> _PROBLEM TO WORK ON_:
Under this line is a listing; return exactly the lines starting at the one with "浴槽に断熱材を覆い追い炊き無しでもすぐに入浴できるほど保温性の高い浴槽です。" and running down to the one with "Увидела салат в", and leave out its pictures.

> _EXCERPTED RECORDS_:
■ ■ ■ ■ ■ ■ ■

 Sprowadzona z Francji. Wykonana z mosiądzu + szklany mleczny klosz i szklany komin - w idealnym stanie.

■ ■ ■ ■ ■ ■ ■

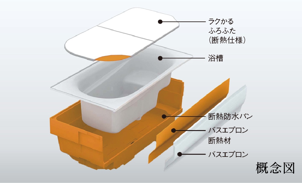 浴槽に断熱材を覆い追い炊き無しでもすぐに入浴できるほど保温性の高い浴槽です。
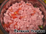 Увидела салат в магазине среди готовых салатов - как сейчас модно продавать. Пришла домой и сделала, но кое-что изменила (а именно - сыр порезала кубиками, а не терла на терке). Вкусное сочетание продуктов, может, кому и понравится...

■ ■ ■ ■ ■ ■ ■

> _OUTPUT BELOW_:
 浴槽に断熱材を覆い追い炊き無しでもすぐに入浴できるほど保温性の高い浴槽です。
 Увидела салат в магазине среди готовых салатов - как сейчас модно продавать. Пришла домой и сделала, но кое-что изменила (а именно - сыр порезала кубиками, а не терла на терке). Вкусное сочетание продуктов, может, кому и понравится...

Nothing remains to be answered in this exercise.